So last week, with uni over, I started up an adult writing workshop here in Eastbourne. The first assignment: the list poem. This is mine. There were seven others, every one different and astonishing in its own way. What impressed us all was the way the power of each poem grew with each listed thing, and the real subject of the poem elbowed its way through. It is what poetry's all about, really.

What's this poem really about then? Food and family - how they feed and make each other. How simple both can be, how complicated. It's about my family history too, how it spreads itself across many countries and generations, and how food in all those places and times is both different and the same.

Do check out the hub poem on Tuesday Poem. It's by Wellington poet Harry Ricketts.

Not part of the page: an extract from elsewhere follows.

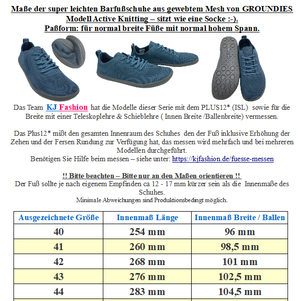 Sportlich lässige Barfußschuhe aus luftig leichtem und dehnbarem Mesh Gewebe mit Bambus Anteil, mit breiter - anatomischer Zehenbox, super flexibler, weicher GO1 Sohle komplett neutralem Fußbett ohne jegliche Erhöhungen von GROUNDIES. !!Bitte beachten sie die als Bild hinterlegten Maße, um so ein unnötiges hin und her senden zu vermeiden - bei Fragen mailen Sie uns einfach vor dem Kauf an - Ihr Team KJ Fashion !! Modell: Flex Blue / NavyMaterial: Bamboo 3D 82% PA ( davon 52% recycelt) + 18% Bambus | Innen: Bambus | Innensohle: on Steam 90% PA Microfaser + 10 PU | Original TrueSense® GO1 Sohle mit 3,3 mm Basis und 3 mm Profil Weite (diese bezieht sich auf das Volumen im Schuh) M - also für normal hohen bis minimal höheren Spann geeignet | Leisten (Stehfläche Fuß) normal | Mittelfuß: Normal / MIttel | Ferse: normal | Zehenbox: anatomisch gerundet geformt - richtig leichte und luftige Sneaker für den Alltag oder auch optimal zum Sport aus anschmiegsamem Mesh Gewebe - mit metallenen Ösen und Flachsenkeln zu schließen - innen mit angenehm zu tragender Bambusfaser ausgelegt für ein gutes Fußklima, Innensohle fest vernäht - Fersenbereich leicht abgepolstert für ein angenehmes Tragegefühl - mit einer bequemen Paßform für absolute Freiheit für normal breite Füße - auf der flexiblen GO1 Sohle für ein absolut angenehmes Barfußgefühl mit ausreichend Grip Ein sportlich schicker Sneaker / Minimalschuh on GROUNDIES.

Tuesday, November 22, 2011

Tuesday Poem: Sea Grapes by Derek Walcott

A friend of mine was taught poetry by this man. In fact, as with all the best students, he said he didn't teach her at all, she already had it in her, which I can believe. The 1992 Nobel Prize Laureate in Literature, Derek Walcott reads his poem Sea Grapes from "Collected Poems 1948-1984". To learn more about Derek Walcott,  visit:http://nobelprize.org/nobel_prizes/literature/laureates/1992/index.html

Do check out the Tuesday Poem hub for an Iain Britton poem. 

Wednesday, November 16, 2011

Magical realism and Dybek

Chicago short story writer and poet Stuart Dybek on the sensibility in his writing which feels European or could be Latin American or could just be magical realism.... 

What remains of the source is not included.